▸ YOUR ASSIGNMENT: In the listing below, locate the line containing "9月14日15时,中央气象台" and the line containing "करण जोहरने इन्स्टाग्रामवर". Output both of them and every line between, exactly as written, and nothing more.

▸ DATASET ENTRIES:
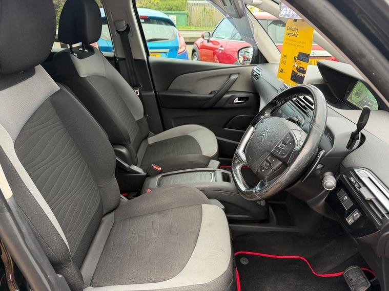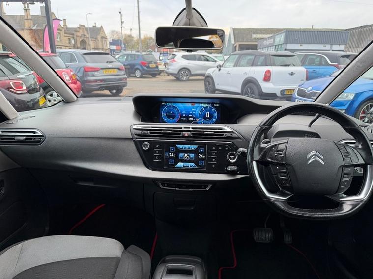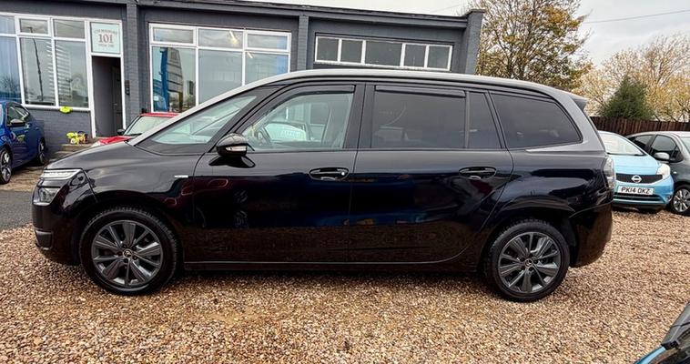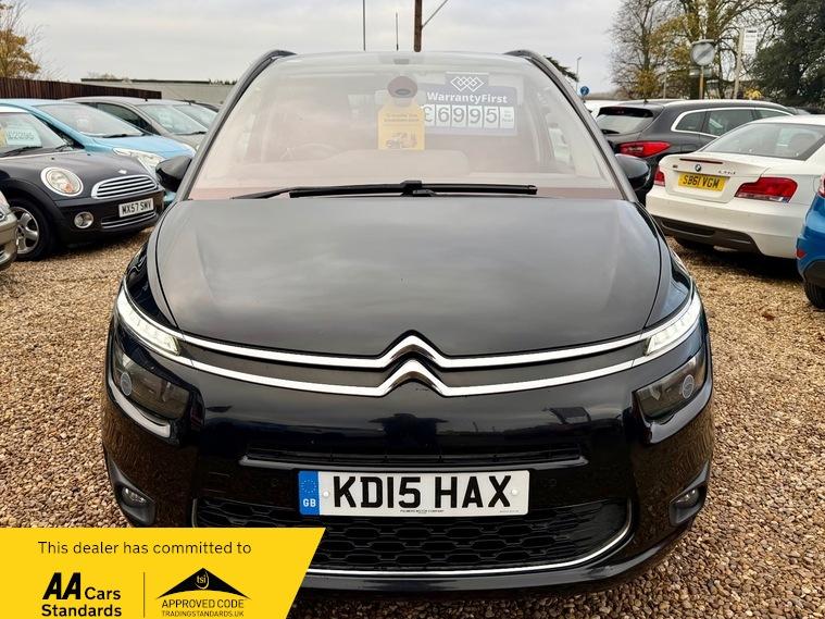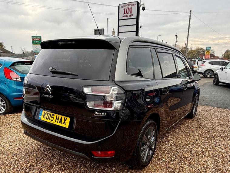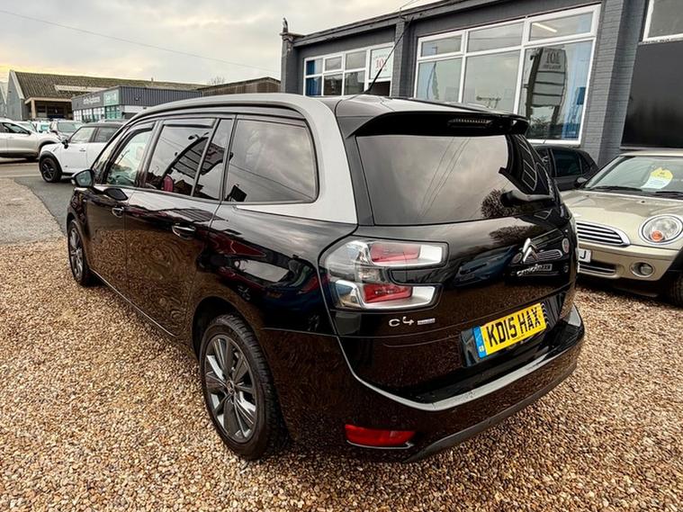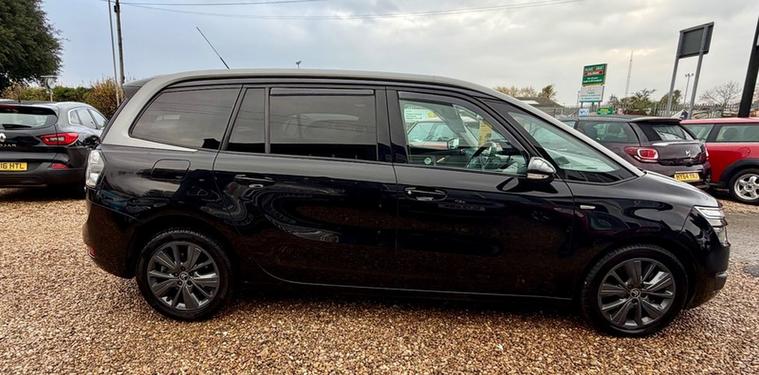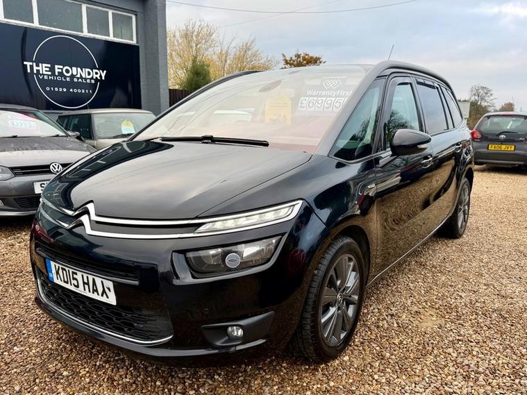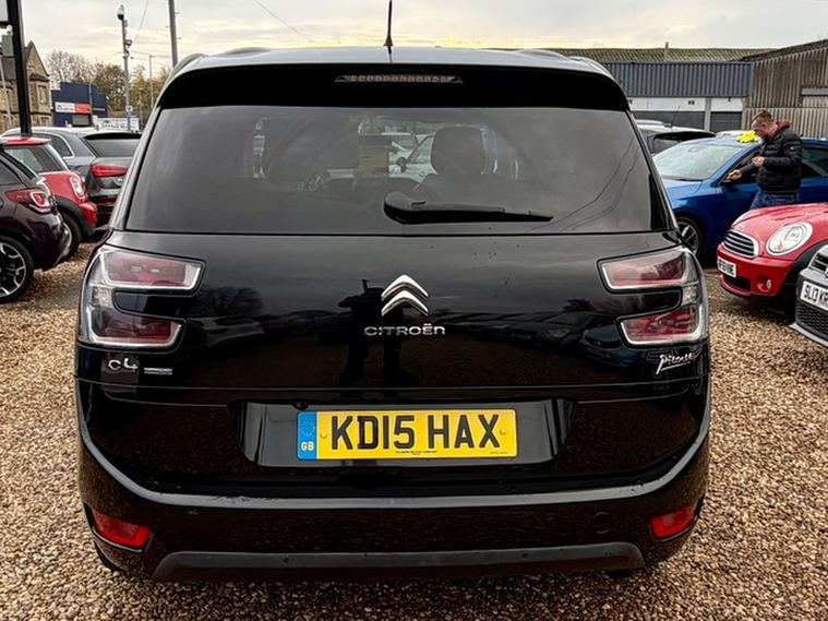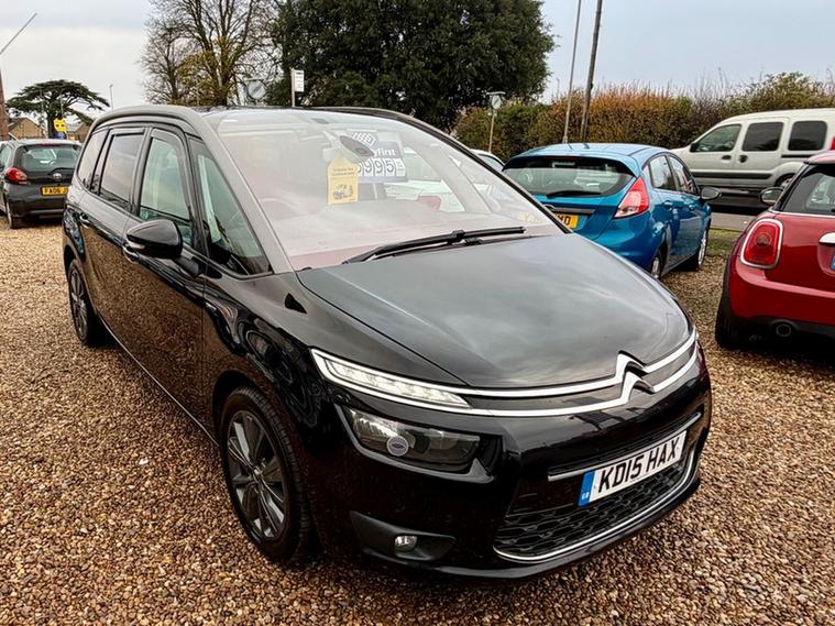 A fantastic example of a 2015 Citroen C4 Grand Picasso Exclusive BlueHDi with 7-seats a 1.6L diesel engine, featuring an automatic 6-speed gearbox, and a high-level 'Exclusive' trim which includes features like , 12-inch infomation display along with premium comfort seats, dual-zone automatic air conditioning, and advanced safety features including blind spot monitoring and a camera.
--
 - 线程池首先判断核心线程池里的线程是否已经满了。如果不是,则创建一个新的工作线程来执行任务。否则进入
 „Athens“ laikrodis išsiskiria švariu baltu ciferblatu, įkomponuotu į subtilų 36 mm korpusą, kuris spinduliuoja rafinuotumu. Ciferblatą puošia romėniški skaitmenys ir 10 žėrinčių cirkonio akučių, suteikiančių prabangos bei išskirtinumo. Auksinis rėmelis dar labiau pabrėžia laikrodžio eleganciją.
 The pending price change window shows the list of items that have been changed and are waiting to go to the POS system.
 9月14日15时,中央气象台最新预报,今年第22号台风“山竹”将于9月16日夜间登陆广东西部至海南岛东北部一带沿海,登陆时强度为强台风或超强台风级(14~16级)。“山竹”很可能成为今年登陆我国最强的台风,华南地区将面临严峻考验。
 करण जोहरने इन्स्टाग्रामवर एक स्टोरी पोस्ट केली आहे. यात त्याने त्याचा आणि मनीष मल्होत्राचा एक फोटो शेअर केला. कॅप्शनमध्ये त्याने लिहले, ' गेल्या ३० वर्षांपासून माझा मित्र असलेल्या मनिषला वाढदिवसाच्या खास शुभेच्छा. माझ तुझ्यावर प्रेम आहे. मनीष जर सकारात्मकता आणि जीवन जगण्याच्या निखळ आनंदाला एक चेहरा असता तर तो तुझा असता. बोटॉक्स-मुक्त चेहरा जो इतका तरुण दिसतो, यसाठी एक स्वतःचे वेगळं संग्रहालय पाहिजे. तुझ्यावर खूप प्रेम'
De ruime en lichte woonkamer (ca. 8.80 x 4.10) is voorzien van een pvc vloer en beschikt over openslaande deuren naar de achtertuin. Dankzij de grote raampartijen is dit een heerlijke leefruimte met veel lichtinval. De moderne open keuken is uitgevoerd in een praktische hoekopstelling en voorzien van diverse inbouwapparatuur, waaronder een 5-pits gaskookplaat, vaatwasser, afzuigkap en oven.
* * *
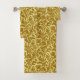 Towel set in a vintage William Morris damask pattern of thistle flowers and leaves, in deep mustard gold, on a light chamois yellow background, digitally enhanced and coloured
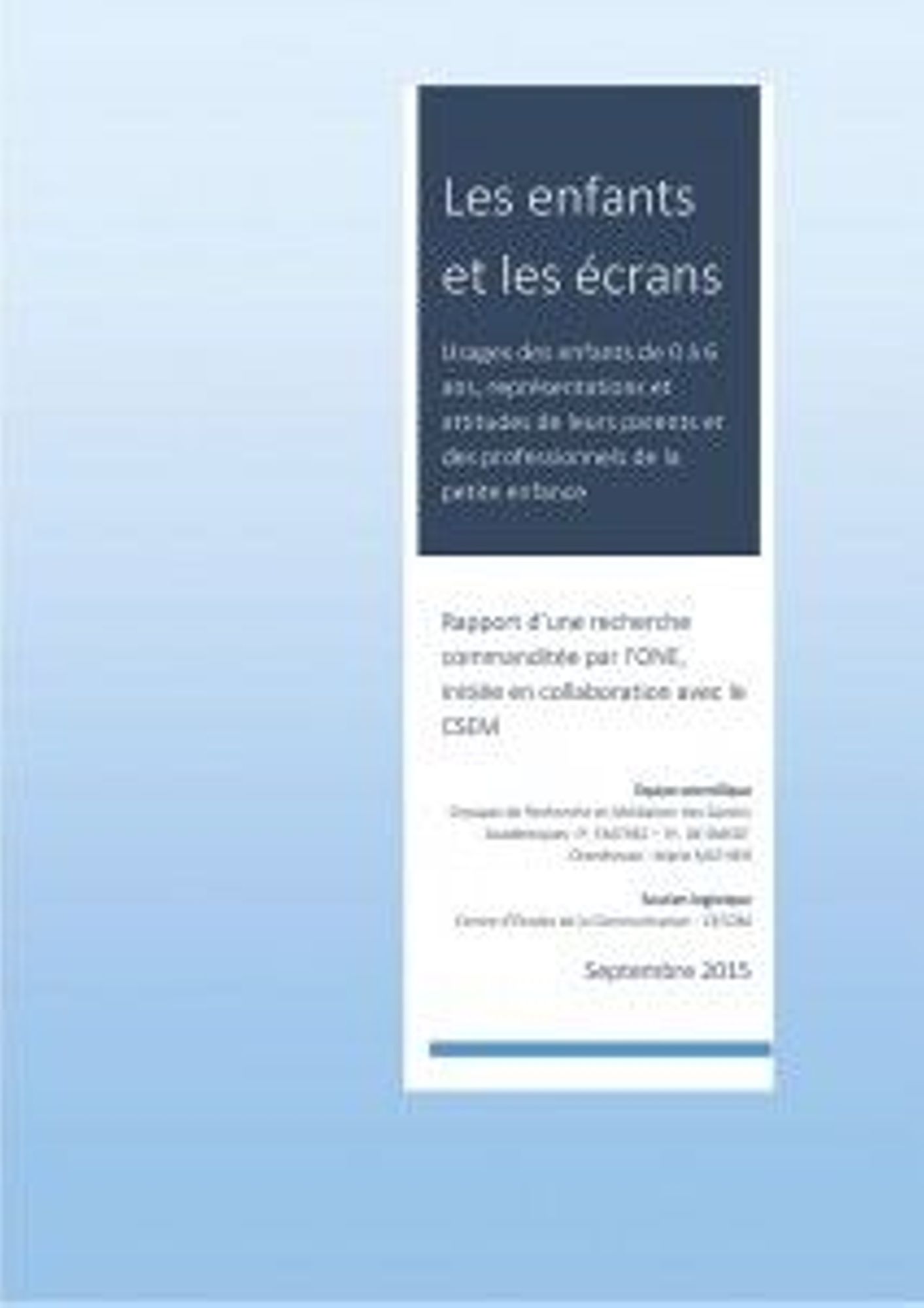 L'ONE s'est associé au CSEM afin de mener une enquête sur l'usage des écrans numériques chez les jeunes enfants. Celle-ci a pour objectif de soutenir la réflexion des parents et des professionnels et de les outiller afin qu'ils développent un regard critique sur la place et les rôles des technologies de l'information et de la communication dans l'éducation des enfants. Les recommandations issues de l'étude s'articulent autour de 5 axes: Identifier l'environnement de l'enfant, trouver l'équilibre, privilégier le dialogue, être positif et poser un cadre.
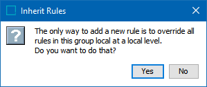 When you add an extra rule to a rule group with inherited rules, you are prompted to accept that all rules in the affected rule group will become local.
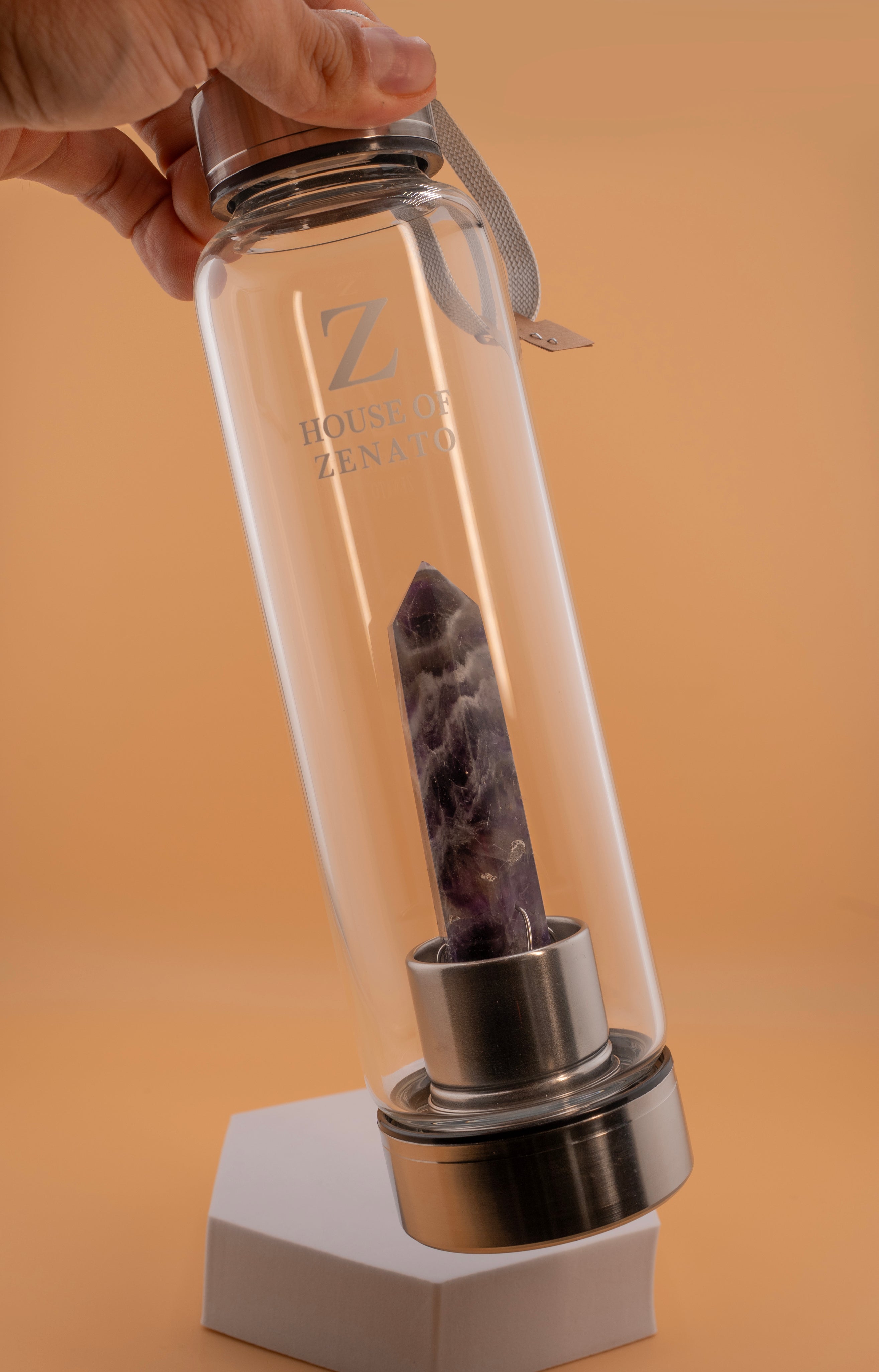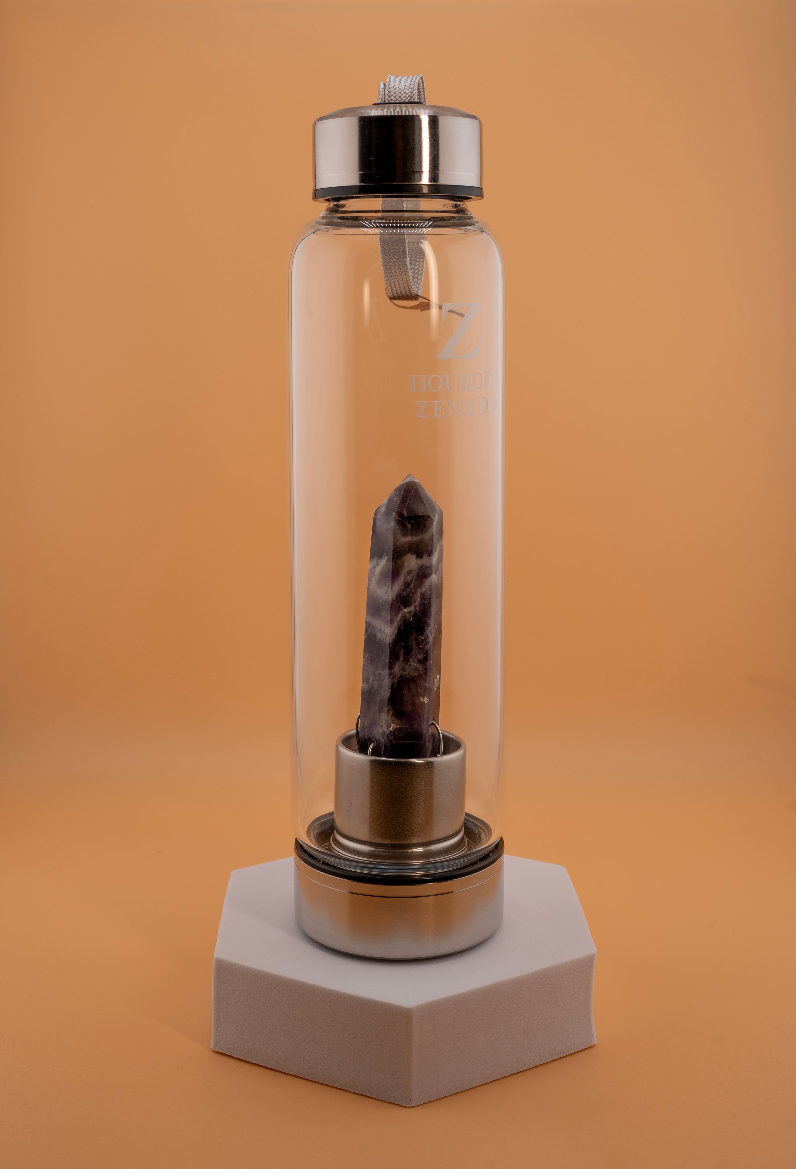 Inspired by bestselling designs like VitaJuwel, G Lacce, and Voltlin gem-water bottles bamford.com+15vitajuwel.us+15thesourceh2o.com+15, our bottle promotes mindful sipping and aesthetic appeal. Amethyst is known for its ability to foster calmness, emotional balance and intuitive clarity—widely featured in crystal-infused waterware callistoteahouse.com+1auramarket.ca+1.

▸ REPLY TO THE TASK:
 9月14日15时,中央气象台最新预报,今年第22号台风“山竹”将于9月16日夜间登陆广东西部至海南岛东北部一带沿海,登陆时强度为强台风或超强台风级(14~16级)。“山竹”很可能成为今年登陆我国最强的台风,华南地区将面临严峻考验。
 करण जोहरने इन्स्टाग्रामवर एक स्टोरी पोस्ट केली आहे. यात त्याने त्याचा आणि मनीष मल्होत्राचा एक फोटो शेअर केला. कॅप्शनमध्ये त्याने लिहले, ' गेल्या ३० वर्षांपासून माझा मित्र असलेल्या मनिषला वाढदिवसाच्या खास शुभेच्छा. माझ तुझ्यावर प्रेम आहे. मनीष जर सकारात्मकता आणि जीवन जगण्याच्या निखळ आनंदाला एक चेहरा असता तर तो तुझा असता. बोटॉक्स-मुक्त चेहरा जो इतका तरुण दिसतो, यसाठी एक स्वतःचे वेगळं संग्रहालय पाहिजे. तुझ्यावर खूप प्रेम'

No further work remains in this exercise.